Turner came from humble beginnings. His father was a
barber and on his mother’s side were butchers. In a sense he barbered and
butchered his canvases with an enormous palette which depicted light itself in
all its variables. The French impressionists owed him a debt, acknowledged long
after his death by Renoir, Degas and Monet. His oceans, skies, mists and fires
all carry his signature. They convey his unease in the world as well as the
turbulence of the American and French revolutions, the burgeoning British Empire
and attendant urban squalor in his London sprawl from nearly one million to 2.5 during his lifetime (1775-1851).
Viewing a Turner, especially in aggregate, is a felt
experience just as he literally immersed himself in his subject. In one
instance, during a considerable storm, he insisted on being lashed to a pole on
the deck of a ship for four hours so he could endure the fury of the wind, sea
spray and upheaval of the waves. All the elements come through with his
slashing strokes which overwhelm an image of the steamship.
And so it is in life.
Memory becomes a smeary distillation of moments. The residue could be simply
a firm handshake, belly laugh or frown. It might be the drenching I took from a
sudden downpour running happily through the streets of Amsterdam, a field of ranunculus
we never found, or my astonished eyes when
Van Gogh’s, Irises, leaped out from
the museum wall.
What would Turner paint today? The muddle of our hurried
existence? The blur we’ve become? Stumps in what was once a rain forest? A
degraded Arctic ice cap? If he fastened himself to our ship of state he might
record our human folly and deliver to us a shock of recognition. One has to
look hard to recognize the figure in the steamy mirror. With his low-definition canvasses the work is both
demanding and compelling.
Turner’s canvases were less indigenous to England than
they were universal. He often crossed the channel with the London fog still on
his brush and found landscapes in which he could sketch or set up his easel.
His address was in that vast elsewhere
far from the conventions of his time. It is telling that many of his pieces,
oils and watercolors both, were questioned posthumously as to whether or not
they were finished. In this regard he is contemporary. Nothing is complete yet
everything is if the creator wishes to leave it so and invite the viewer to
enter.
In my dotage I seem to be on a slow mule grazing away
from the fray looking in the rear-view mirror. (This mule was assembled in
Detroit, fully equipped.) The painter’s
great admirer, John Ruskin, said that
Turner was continually endeavoring to reconcile old fondnesses with new
sublimities. I know the feeling, straddling the familiar and safe known as
well as the forbidden, uncertain terrain around the bend. The people and places
of decades past no longer exist. In fact probably never did as we remember them.

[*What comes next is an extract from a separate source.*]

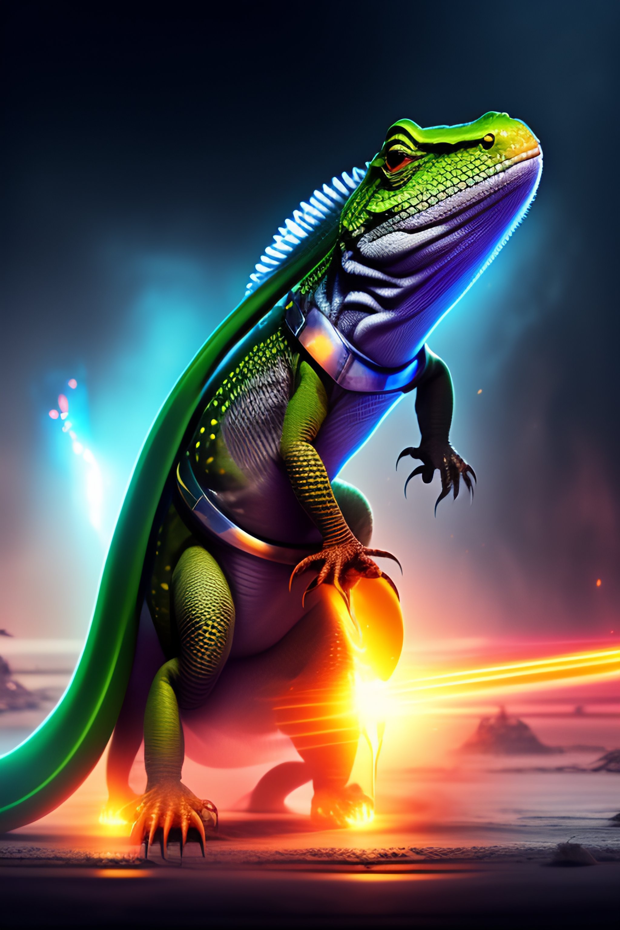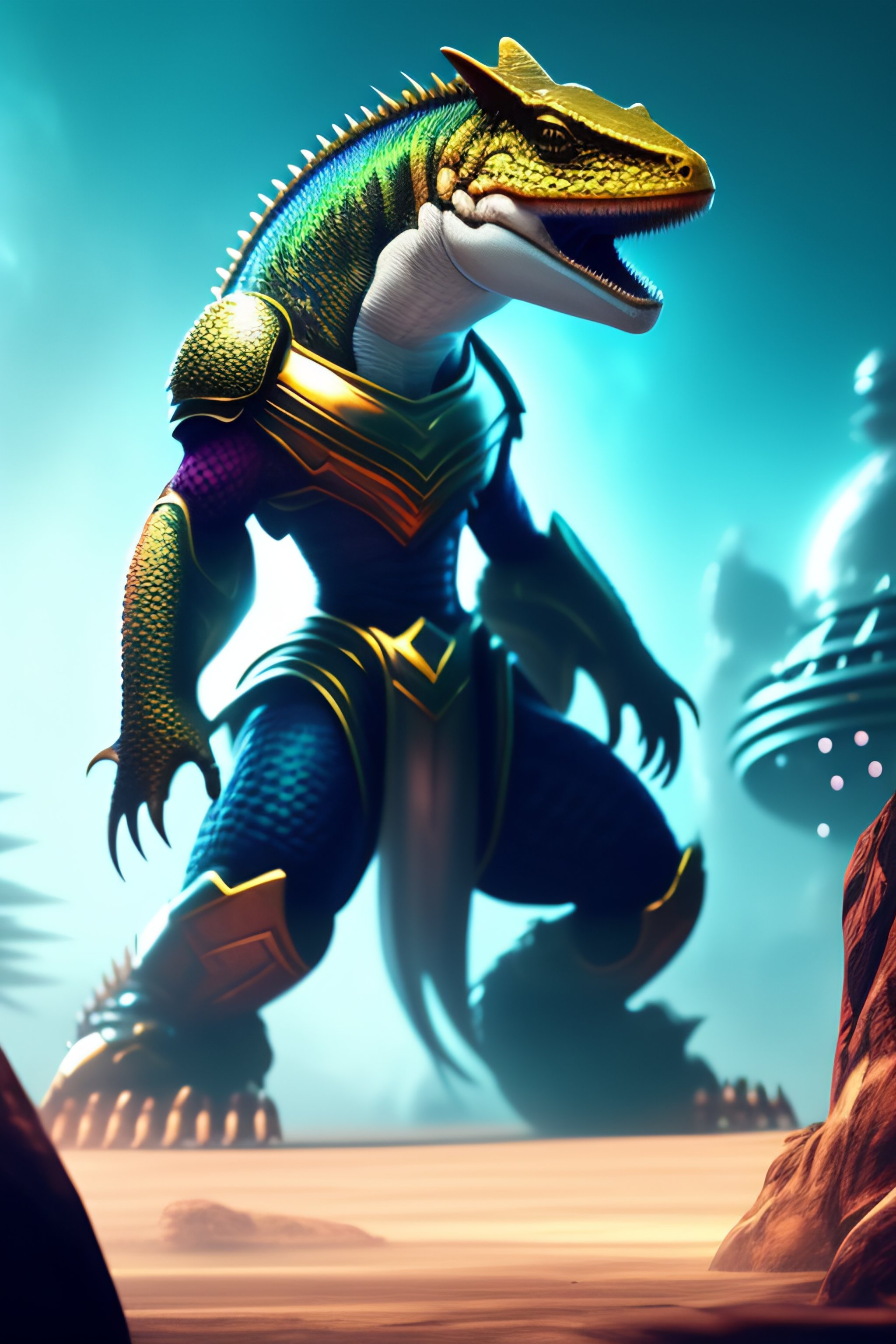 Create an image of a 'lizard' who is an alien fighting against another alien in a futuristic arena, give the gladiator-alien a unique appearance and clothing and also give the opponent-alien unique features, feel free to add other elements such as futuristic weapons or backgrounds

And the present won’t hold still for a minute.
When parliament went up in flames in 1834 Turner was
there to witness and render the blaze. Today we would have a media rush to
record the scene but no one would quite capture the gradations of light that
stretched beyond the spectrum into what he regarded as the sublime. To find
beauty in this urgent and combustible world we live in requires the transcendent
burst of an artist. Count him among those whose vision reached and whose
language speaks to everyone across borders.